Her hands had dropped from her hips and were balled into fists at her sides, and even in the face of her pointless stubbornness he found her beautiful. Shockingly so. He could still feel that resounding blow to the side of his skull, making the world ring and whirl all around him.
And this despite the fact that she still wore her hair in that same impatient braid, a long, messy tail pulled forward over one shoulder as if she hadn’t wanted to bother with it any further. At their engagement party, she’d worn it up high in too many braids to count, woven together into some kind of elegant crown. And here he stood on the other side of the world, still itching to undo it all himself and let the heavy, dark length of it fall free.
He wanted to bury himself in the slippery silk of it, the fragrant warmth. In her, any way he could have her. Every way.
It didn’t even matter that she was dressed in a manner that
did not suit her fine, delicately otherworldly allure—and was certainly not appropriate for a woman who would be his queen. Jeans that were entirely too formfitting for eyes that were not his. Markedly unfeminine boots. Both equally scuffed and lived in, as if she were still the university student she’d been not too long ago. A bulky sweatshirt that hid her figure, save those long and slender legs of hers that nothing could conceal and that he wanted wrapped around him. And the puffy jacket she’d thrown over the nearest chair when she sat down that, when she wore it zipped up to her chin, made her look almost like a perfect circle above the waist.
Kavian wanted to wrap her in silks and drape her in jewels. He wanted her to stand tall beside him. He wanted to decorate her in nothing but delicate gold chains and build whole palaces in her name, as the ancient sultans had done for the women who’d captivated them. He wanted her strength as much as her beauty.

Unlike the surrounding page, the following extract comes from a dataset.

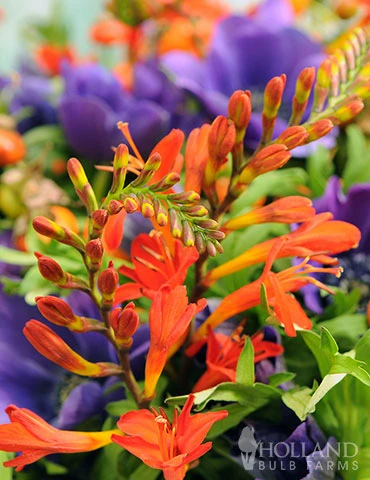 Emily McKenzie Crocosmia (cro-co-s- mia) has bright orange flowers which are highlighted by crimson throats. Crocosmia make great cut flowers and are a nice low maintenance mid summer blooming bulb.

He wanted to explore every inch of her sweet body with his battered hands, his warrior’s body, his mouth, his tongue.
But first, and foremost, he wanted to take her home.
“Is it force, then?” he asked her, standing in the open doorway, not in the least bit concerned about being overheard by the townspeople. “Will I throw you over my shoulder like the barbarians of old? I think you know I will not hesitate to do exactly that. And enjoy it.”
She shuddered then and he would have given his kingdom, in that moment, to know whether it was desire or revulsion that swept through her at that thought. He hated that he didn’t know her well enough, yet, to tell the difference.
That, too, would change. And far quicker than it might have had she come with him as she’d been meant to do the night of their engagement party, when he’d been predisposed toward a gentler understanding of her predicament. But there was nothing gentle left in him. He had become stone.
Amaya swept her big coat up in one hand and hung the ratty bag she carried over one shoulder. But she still didn’t move toward him.